Un agneau à 7 cornes et 7 yeux ouvrira les sept sceaux fermant un livre. A chaque sceau brisé, un événement se produira. Au sixième sceau, le soleil devient noir, la lune se couvre de sang et une pluie d’étoiles tombèrent sur la terre (Apo. 6, 12-13). A ce moment, 144.000 Juifs, 12.000 pour chaque tribu, seront marqués du sceau de serviteur de Dieu. Et une multitude d’hommes, vêtus de robes blanches se rassembleront autour du trône de Dieu.
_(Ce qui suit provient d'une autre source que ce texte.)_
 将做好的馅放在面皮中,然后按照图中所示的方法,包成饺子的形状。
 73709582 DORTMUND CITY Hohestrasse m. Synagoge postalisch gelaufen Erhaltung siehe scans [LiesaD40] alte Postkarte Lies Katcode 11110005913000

A l’ouverture du septième sceau, sept anges munis de trompettes apparaitront. A chaque sonnerie de trompette, une catastrophe s’abattra sur la terre. A la septième sonnerie, deux bêtes monteront de la mer.
2) L’Antéchrist
L’Antéchrist, celui qui vient avant (ante) le Christ règnera sur terre durant sept ans. C’est un faux prophète. Il imposera sa loi, profitant de l’absence des chrétiens partis rejoindre le Royaume de Dieu.
L’Apocalypse de Jean ne parle pas de l’Antéchrist, mais de deux bêtes issues de la mer qui règneront chacune 42 mois. Les adorateurs des bêtes porteront sa marque, la marque de la bête : 666 (Apo. 13).
3) Armageddon
Le Christ n’abandonnera pas la terre, avec son armée d’anges, il partira combattre les rois du monde entier rassemblés par l’Antéchrist au lieu dit Armageddon. Ce nom signifie « La colline de Megguido« . Megguido est l’endroit, au nord d’Israël, où le roi de Juda Josias a trouvé la mort, en -609, face aux troupes du pharaon Néchao II, venu à la rescousse de son allié assyrien, en lutte contre les Babyloniens. C’était le dernier grand roi Juif avant la déportation à Babylone.
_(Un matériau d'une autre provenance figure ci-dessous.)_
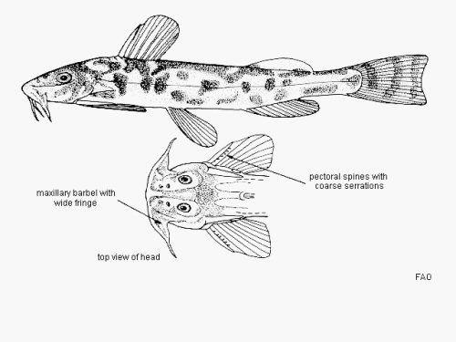 Zaireichthys rotundiceps = Line drawing-lateral and dorsal head view

Pour l’Apocalypse de Jean, la bataille d’Armageddon, verra la chute de Babylone, la grande prostituée (Apo. 15, 16, 17 et 18).
Le chapitre 19 est consacré à la victoire du Messie grâce à l’intervention de terribles « chevaux » appelés, « Fidèle », « Véritable », « Parole de Dieu », suivis des armées du ciel.
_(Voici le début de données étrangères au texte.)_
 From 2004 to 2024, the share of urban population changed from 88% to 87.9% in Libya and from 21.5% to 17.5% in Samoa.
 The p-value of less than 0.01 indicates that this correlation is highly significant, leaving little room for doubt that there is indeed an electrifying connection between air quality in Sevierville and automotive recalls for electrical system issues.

Un ange descendra alors du ciel et précipitera Satan dans l’abime qu’il scellera.
4) Le règne du Christ
Le Christ règnera alors pour mille ans entourés des saints. Ce sera une ère de paix et de justice.
L’Apocalypse de Jean est ambigu : ceux qui jouiront de cette ère de paix seront ceux qui restaient sur terre après la phase de l’enlèvement, mais qui n’auront pas adoré la bête, qui n’auront pas été marqués de son sceau. « Ils seront les prêtres de Dieu et du Christ et règneront avec lui pendant mille ans » (Apo. 20, 6)
C’est la première résurrection.
5) Le retour de Satan
Quand les mille ans seront accomplis, Satan sera relâché de sa prison et il s’en ira séduire les nations qui sont aux quatre coins de la terre, Gog et Magog. Il les rassemblera pour le combat, leur nombre est comme le sable de la mer (Apo. 20, 7-8)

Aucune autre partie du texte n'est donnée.